Is Paul McCarthy the Most Dangerous Artist in LA?


When I arrived at Paul McCarthy’s East LA studio surrounded by warehouses and chop shops, a freight train on the nearby Union Pacific tracks rumbled by with Amazon-branded intermodal containers stacked on flatcars, destined for cargo vessels at the Port of Long Beach. Freight trains, I thought, make good background noise for an artist who dredges up the dark pangs of the American id. Plus, McCarthy once made a sculpture of a train, of sorts. In a press release for a show at the late Robert Mnuchin’s L&M Arts, it was described thusly: “Train, Mechanical (2003–2010) is a fully automated tour-de-force that features a George Bush/pirate hybrid mounting a pig from behind, while another pig humps the same pig’s skull, finding aural penetration.”

Inside the studio, McCarthy was hunched over an editing bay, tinkering with footage, in an office space above the enormous facility that houses his sculptures and the film sets—the same sets that have served as backdrops for his violent, strange, disturbing, hilarious films. He offered to give me a tour with his 17-year-old dog, Dieter.

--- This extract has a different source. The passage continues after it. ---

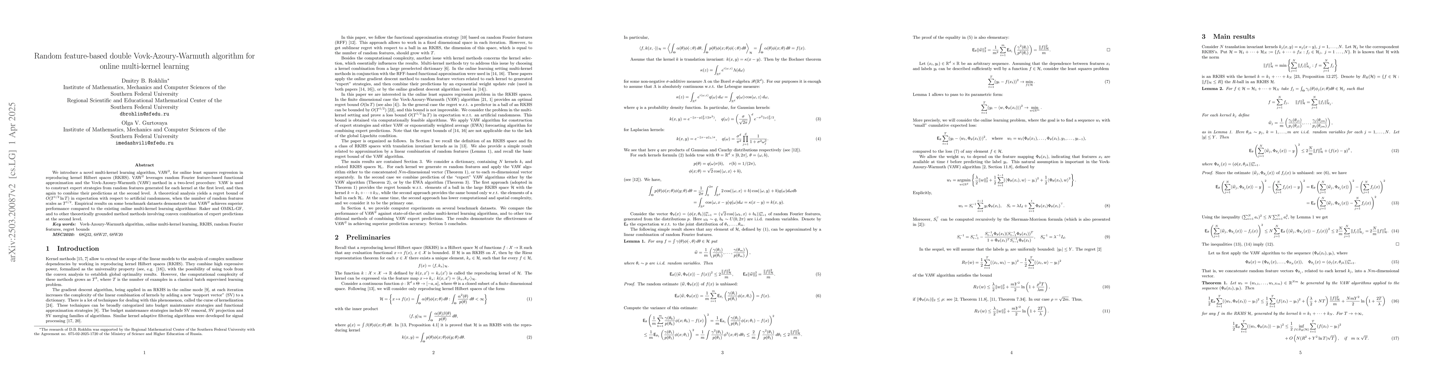 The paper presents the double Vovk-Azoury-Warmuth (VAW) algorithm for online multi-kernel learning, which uses random Fourier features and the VAW method in a two-level procedure to efficiently combine kernel predictions.

“Hey, boy,” McCarthy said to Dieter. “Let me just check, because he can’t hear and he can’t see, like he gets lost, he literally gets lost.”

McCarthy, the same guy who made Train, Mechanical, could not have been nicer, chiller, more kind. At various points, he scratched at his long beard and futzed with his thick-rimmed black glasses, taking a well-worn Ventura College baseball cap on and off. He looked down at the seemingly endless expanse of big sculptures and film sets spread out below us. “How old’s this place? I mean, it just fills up, it’s filling up, I mean, it’s been filling up,” he said, and paused. “But then we kind of enter it right now.

Paul McCarthy fiercely belongs to Los Angeles, embodying much of the romantic notion of an LA artist—untethered by form, fearless of pieties, hyperaware of the projected moving image, and, of course, able to take advantage of the urban sprawl, the ample expanses of space. But McCarthy also transcends that notion, plays with the legend, and defies it. Among artists of multiple generations, among the world’s richest and most powerful art collectors, among the globe-spanning dealers who have worked with him—he’s one of the last true art gods in the City of Angels. He is one of the few who remain after so many have sadly passed: John Baldessari, Mike Kelley, Chris Burden, Jason Rhoades, Bob Irwin, and Billy Al Bengston, among them.

He’s got a splashy show that opens to the public this week at The Journal Gallery’s West Hollywood space, timed to Frieze Los Angeles, sure to bring Angelenos and visiting dignitaries alike. Julia Stoschek, who’s been a fearless collector of video and ephemeral art for decades, just opened a show of her collection at the Variety Arts Theater in downtown LA, showing canonical work by McCarthy alongside his peers: Arthur Jafa, Marina Abramović, and Cyprien Gaillard.

Later this year, McCarthy will have a show of new work at the Paris outpost of Hauser & Wirth, his longtime gallery. His unabashed depiction of America’s underbelly is super popular in Europe. When the current multi-continental empire opened its second-ever location, in a former bank in London’s Piccadilly in 2003, the 33-year-old Iwan Wirth decided his British endeavors should begin with a McCarthy film, Piccadilly Circus, which depicted George W. Bush, Osama bin Laden, and no fewer than three Queen Elizabeths engaging in a blood-soaked orgy of sex and violence.